Re: Freeman. I guess technically he is right but it's kind of missing the broader point of he is a brown skinned people. That's really where prejudice lies. Not in lineage.
Obama isn't American's first black president, says the adorable, freckled-faced Morgan Freeman, who's obviously not black. Wonder if Michelle Obama would qualify as the first black president? How far back should we go? But ideologically he could make a point - both LBJ and Clinton would qualify as nearer to black than Obama.
jmac,
Cut it out, jmac. Everyone who's paying attention knows that William Jefferson Clinton was the first black president. We know because Toni Morrison told us so.

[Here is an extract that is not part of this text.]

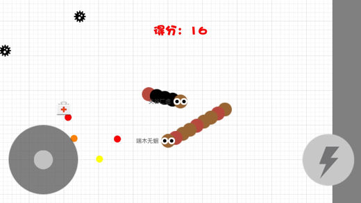 2、小心!蛇头若碰到其他贪吃蛇则会遭遇灭顶之灾,并且会产生大量小圆点。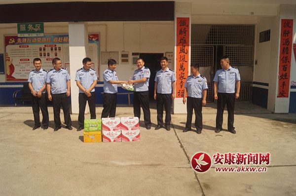 2017年7月19日上午,旬陽縣公安局黨委委員、副局長趙勇剛同志,代表局黨委,在局紀檢督察室副主任程如寧同志的陪同下,頂著烈日來到蜀河派出所對堅守在一線的公安民警進行親切的慰問并送去清涼飲品和避暑藥品。

"Author Toni Morrison was the person who anointed Clinton FBP, saying, white skin notwithstanding, this is our first black president, blacker than any actual black person who could ever be elected in our children's lifetime. After all, Clinton displays almost every trope of blackness: single-parent household, born poor, working-class, saxophone-playing, McDonald's-and-junk-food-loving boy from Arkansas."
No, you just use non-sequitor statements to pursue your own demented agenda.

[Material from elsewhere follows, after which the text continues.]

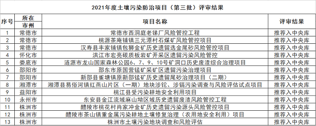 湖南省生態(tài)環(huán)境廳關(guān)于2021年度土壤污染防治項(xiàng)目(第三批)、地下水污染防治項(xiàng)目(第二批)評審結(jié)果的公示 根據(jù)《土壤污染防治專項(xiàng)資金管理辦法》、《關(guān)于印發(fā)<中央生態(tài)環(huán)境資金項(xiàng)目儲備庫入庫指南>的通知》、《湖南省省級財(cái)政專項(xiàng)資金公開辦法(試行)》等有關(guān)要求,經(jīng)項(xiàng)目單位申請、市級環(huán)保部門審查、...

I blame your home-schooling for this flawed sense of reasoning.
paulejb- - With pride, I didn't vote with Democrats when the entire south was Democratic. They were a bunch of racist. It's the same reason I don't vote with the South today. You make me proud NOT to vote with the likes of you. Some of us care what kinds of fleas we get when we lay down with a dog.
jmac,
Rather lie down with dogs than a liberal. At least the dog won't try to pick my pocket.
So now you are listening to Toni Morrison for cultural advice. He he.

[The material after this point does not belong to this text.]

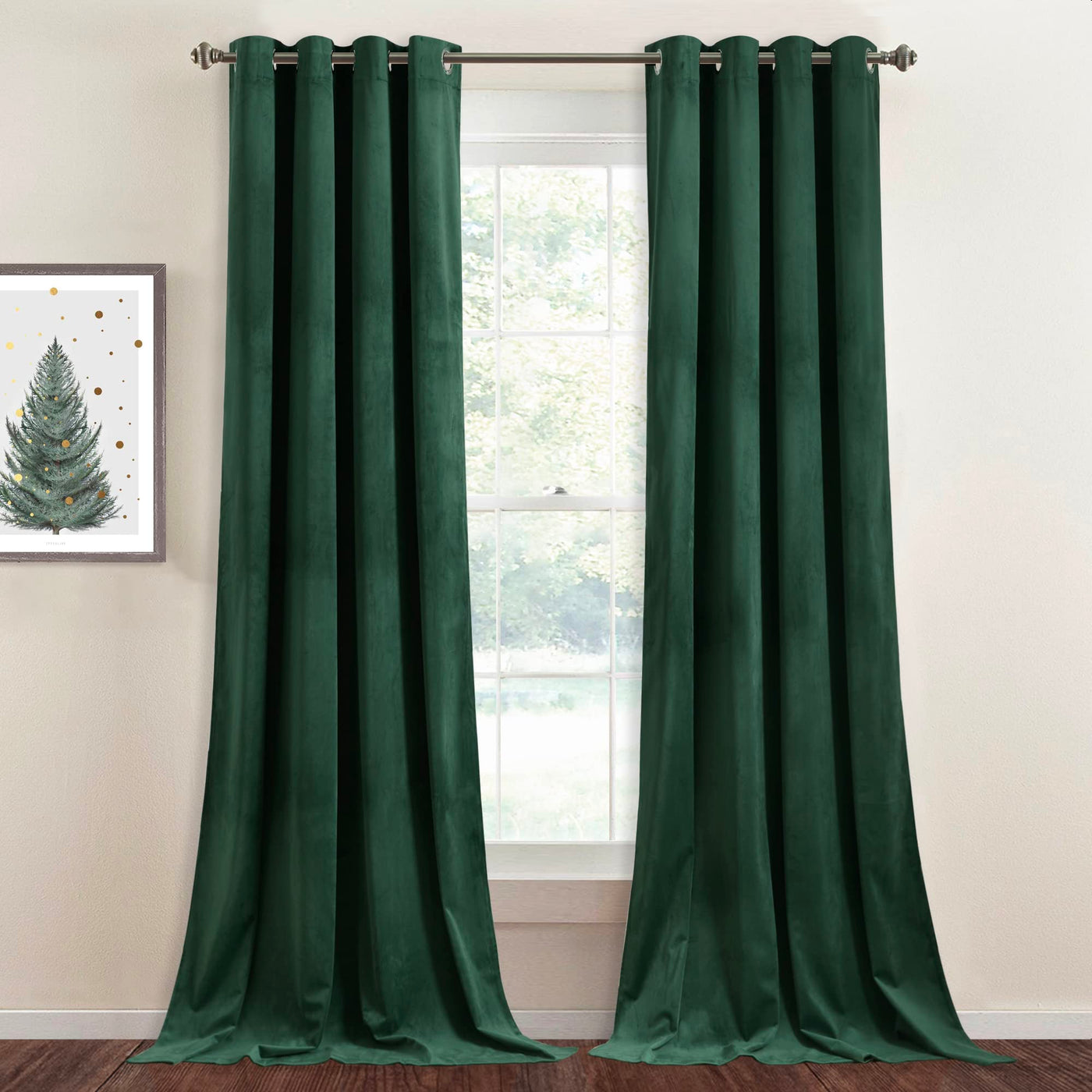 Stangh Dark Green Velvet Curtains - Super Soft Blackout Panels Holiday Decor Christmas Backdrop Curtains, Grommet Thermal Insula

Next you'll be asking Limbaugh for women's issues.
You're hoot and a half.
Steve0T,
I always pay attention to liberal idiocies. You can never tell when they might be useful in destroying left winger's arguments.
In defense of Morgan Freeman, President Obama is not the descendant of slaves and given his extraordinary background and a different and unique viewpoint. That said, I don't think it is about racial purity. Afterall, unless your parents arrived off the boat from Africa, no African American is "pure".
This is why I refer to 'black Americans' instead of 'African Americans'. My brother in law has worked for years charting the history of my wife's family and he's only gotten back to North Carolina in 1818.
My favorite headline on this particular story of Republican idiocy.
Republican Horrified to Discover that Christianity is Not the Only Religion
http://jezebel.com/5923898/rep...
Righties for you, low on legislation high on stupidity. Government is just another teet to suckle on while pretending they're doing gods work by dismantling government one stone after another.
But to reiterate what I wrote the other day - it's the voter stupid! She's not there because she knows how to make dead people vote - she's there because there are enough idiots that gave her the opportunity.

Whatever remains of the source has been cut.